>>>

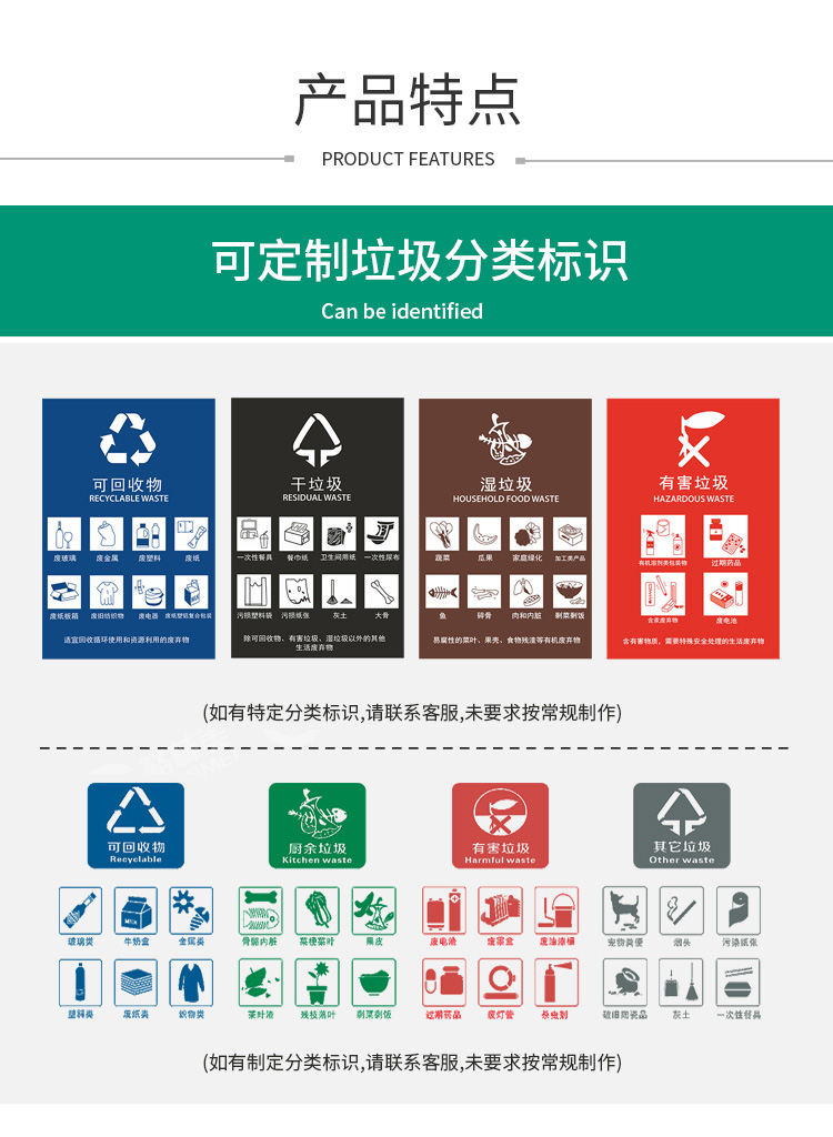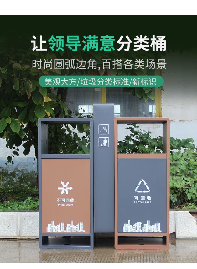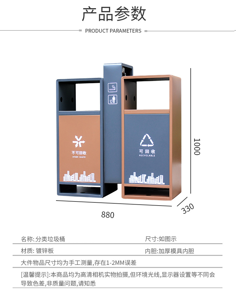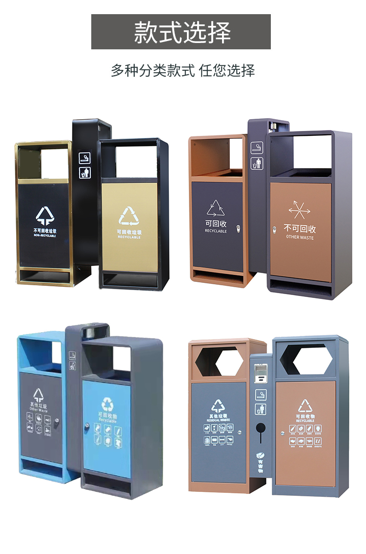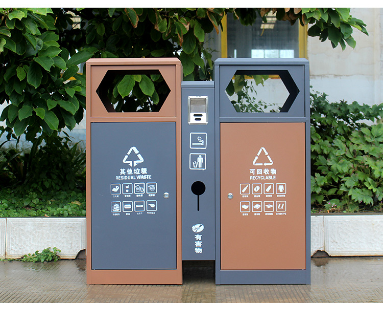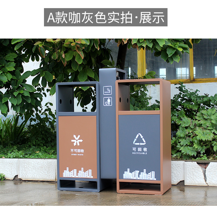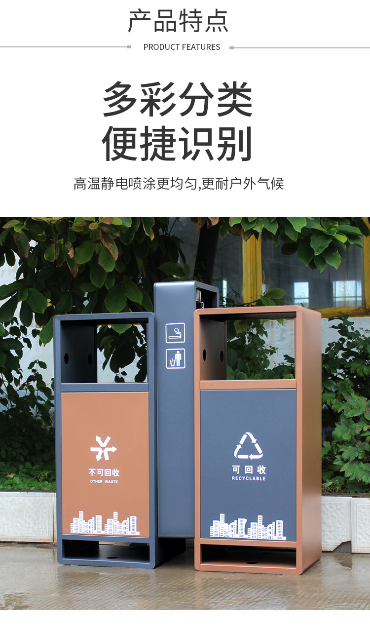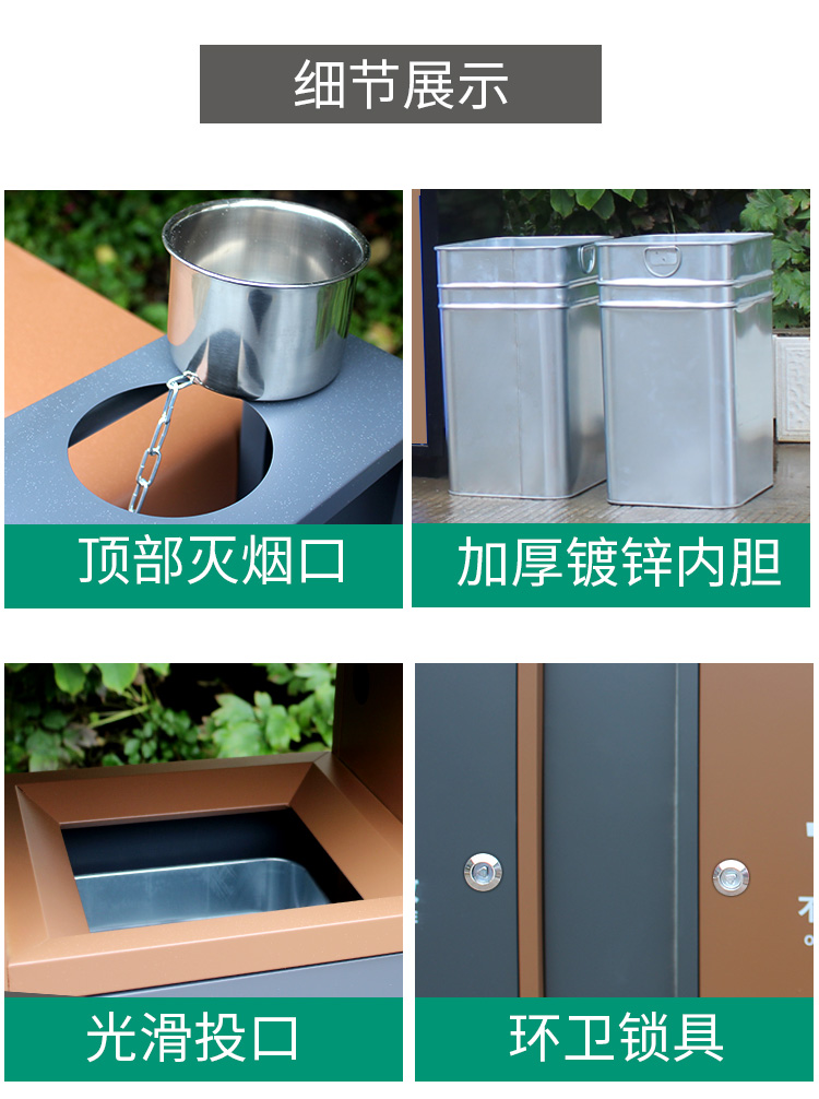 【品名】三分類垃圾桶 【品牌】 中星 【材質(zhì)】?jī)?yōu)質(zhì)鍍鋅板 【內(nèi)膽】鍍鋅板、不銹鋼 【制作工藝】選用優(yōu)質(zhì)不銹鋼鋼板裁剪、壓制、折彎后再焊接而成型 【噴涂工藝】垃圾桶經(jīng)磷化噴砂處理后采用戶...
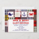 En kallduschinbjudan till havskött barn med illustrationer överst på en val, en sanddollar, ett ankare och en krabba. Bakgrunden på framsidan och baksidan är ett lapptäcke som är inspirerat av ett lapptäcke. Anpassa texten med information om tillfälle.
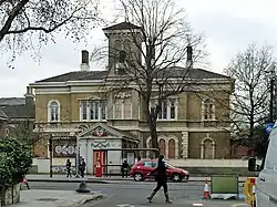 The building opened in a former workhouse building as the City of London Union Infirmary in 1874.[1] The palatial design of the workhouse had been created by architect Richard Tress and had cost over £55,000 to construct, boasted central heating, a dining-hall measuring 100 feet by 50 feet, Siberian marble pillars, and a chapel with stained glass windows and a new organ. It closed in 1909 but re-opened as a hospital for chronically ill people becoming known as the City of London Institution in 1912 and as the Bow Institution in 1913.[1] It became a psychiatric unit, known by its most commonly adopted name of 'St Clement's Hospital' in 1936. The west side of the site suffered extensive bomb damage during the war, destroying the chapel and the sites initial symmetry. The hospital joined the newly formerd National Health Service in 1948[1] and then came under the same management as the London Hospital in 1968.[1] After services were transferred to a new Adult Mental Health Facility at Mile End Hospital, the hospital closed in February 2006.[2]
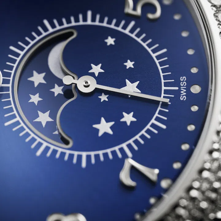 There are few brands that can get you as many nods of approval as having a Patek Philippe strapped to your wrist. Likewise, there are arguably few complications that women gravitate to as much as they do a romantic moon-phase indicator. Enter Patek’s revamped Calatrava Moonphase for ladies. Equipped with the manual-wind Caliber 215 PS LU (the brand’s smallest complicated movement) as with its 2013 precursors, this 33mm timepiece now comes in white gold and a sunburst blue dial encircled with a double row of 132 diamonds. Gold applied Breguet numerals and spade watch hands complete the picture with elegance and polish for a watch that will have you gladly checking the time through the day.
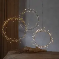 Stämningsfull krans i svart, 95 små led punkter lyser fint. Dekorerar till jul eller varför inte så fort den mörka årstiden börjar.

<<<

ABOUT THIS TASK:
The listing above is to be written out again exactly, with its pictures omitted.

EXERCISE RESULT:
 【品名】三分類垃圾桶 【品牌】 中星 【材質(zhì)】?jī)?yōu)質(zhì)鍍鋅板 【內(nèi)膽】鍍鋅板、不銹鋼 【制作工藝】選用優(yōu)質(zhì)不銹鋼鋼板裁剪、壓制、折彎后再焊接而成型 【噴涂工藝】垃圾桶經(jīng)磷化噴砂處理后采用戶...
 En kallduschinbjudan till havskött barn med illustrationer överst på en val, en sanddollar, ett ankare och en krabba. Bakgrunden på framsidan och baksidan är ett lapptäcke som är inspirerat av ett lapptäcke. Anpassa texten med information om tillfälle.
 The building opened in a former workhouse building as the City of London Union Infirmary in 1874.[1] The palatial design of the workhouse had been created by architect Richard Tress and had cost over £55,000 to construct, boasted central heating, a dining-hall measuring 100 feet by 50 feet, Siberian marble pillars, and a chapel with stained glass windows and a new organ. It closed in 1909 but re-opened as a hospital for chronically ill people becoming known as the City of London Institution in 1912 and as the Bow Institution in 1913.[1] It became a psychiatric unit, known by its most commonly adopted name of 'St Clement's Hospital' in 1936. The west side of the site suffered extensive bomb damage during the war, destroying the chapel and the sites initial symmetry. The hospital joined the newly formerd National Health Service in 1948[1] and then came under the same management as the London Hospital in 1968.[1] After services were transferred to a new Adult Mental Health Facility at Mile End Hospital, the hospital closed in February 2006.[2]
 There are few brands that can get you as many nods of approval as having a Patek Philippe strapped to your wrist. Likewise, there are arguably few complications that women gravitate to as much as they do a romantic moon-phase indicator. Enter Patek’s revamped Calatrava Moonphase for ladies. Equipped with the manual-wind Caliber 215 PS LU (the brand’s smallest complicated movement) as with its 2013 precursors, this 33mm timepiece now comes in white gold and a sunburst blue dial encircled with a double row of 132 diamonds. Gold applied Breguet numerals and spade watch hands complete the picture with elegance and polish for a watch that will have you gladly checking the time through the day.
 Stämningsfull krans i svart, 95 små led punkter lyser fint. Dekorerar till jul eller varför inte så fort den mörka årstiden börjar.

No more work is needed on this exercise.